Jetzt nähern wir uns dem Ziel der johanneischen Erzählung. Es geht ihm nicht um Zahlen und praktische Wunder der Betriebswirtschaft. Er lenkt den Blick auf den Souverän, der diese Situation, man möchte sagen mit Selbstverständlichkeit, meistert.

„Jesus aber nahm die Brote, dankte und gab sie denen, die sich gelagert hatten; desgleichen auch von den Fischen, so viel sie wollten.“ [Joh 6,11]

Und nochmal, hier haben wir es nicht mit glänzendem Marketing zu tun, das uns einen Wunderprotz weißmachen will, hier zeigt sich der Herr des Lebens. Das ist es, was Johannes zeigt. Und das Leben geht ihm nicht aus. Genauso wenig wie Brote und Fische. Er hat immer noch mehr davon. Mehr als sie brauchen können.

Auf ganz andere Weise können wir solche Erfahrungen auch machen. In kleiner Münze zwar, aber immerhin. Groß war die Sorge in der Vorbereitung unseres Festes zum 25-jährigen Bestehen unseres Gemeindezentrums, dass das Essen reicht. Dass genug da sein werden, die den Auf- und Abbau in die Hand nehmen. Dass den Fleißigen in der Küche Hilfe widerfahren möge. Am Ende gab’s von allem mehr als genug.

Wie der Chor in der griechischen Tragödie fasst das Volk die Erkenntnis des Tages zusammen: „Das ist wahrlich der Prophet, der in die Welt kommen soll.“ [Joh 6,14]

Und noch einmal prallen unsere Welt mit ihrem Verständnis und die ganz andere Vorstellung Jesu aufeinander. So jedenfalls deutet Johannes das an. Jesus bemerkt, welchen Eindruck er bei den Menschen hinterlassen hat. Er ahnt, „dass sie kommen würden und ihn ergreifen, um ihn zum König zu machen“ [Joh 6,15].

„Mein Reich ist nicht von dieser Welt“ [Joh 18,36], wird er einst sagen. Und auch wenn es kaum einer begreift, jetzt nicht und dann nicht, er ist gekommen nicht um zu herrschen, sondern um zu dienen und sein Leben zu geben [vgl. Mk 10,45].

So ist er. Und so begegnet er uns jedes Mal, wenn uns Gutes zuteilwird, unverhofft, gegen alle Gesetzmäßigkeit unserer Erfahrung und unseres Wissens – eben wunderbar und himmlisch.

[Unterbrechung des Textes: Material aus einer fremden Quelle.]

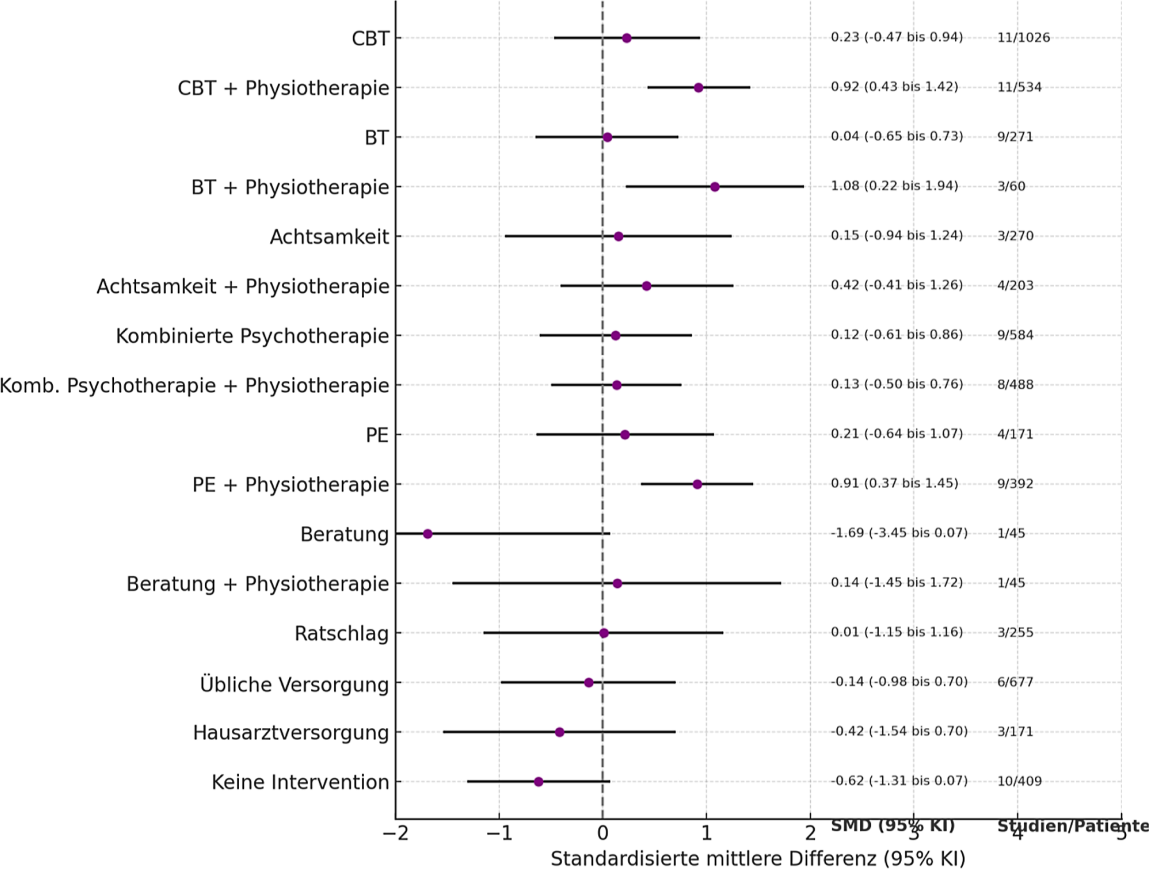 Forest-Plot der Netzwerk-Metaanalyse-Ergebnisse zur Schmerzintensität nach der Intervention modifiziert aus [14]. BT Verhaltenstherapie, CBT Kognitive Verhaltenstherapie, PE Schmerzerziehung (PNE), SMD standardisierte mittlere Differenz. Physiotherapieversorgung war die Referenzgruppe

Dann, wenn ihr hungrig seid und durstig, das legt uns Johannes ans Herz, hört IHN sagen und versteht, wie er’s meint: „Ich bin das Brot des Lebens. Wer zu mir kommt, den wird nicht hungern; und wer an mich glaubt, den wird nimmermehr dürsten“ [Joh 6,35].

Und der Friede Gottes, der höher ist als alle unsere Vernunft, bewahre unsere Herzen und Sinne in Christus Jesus. Amen.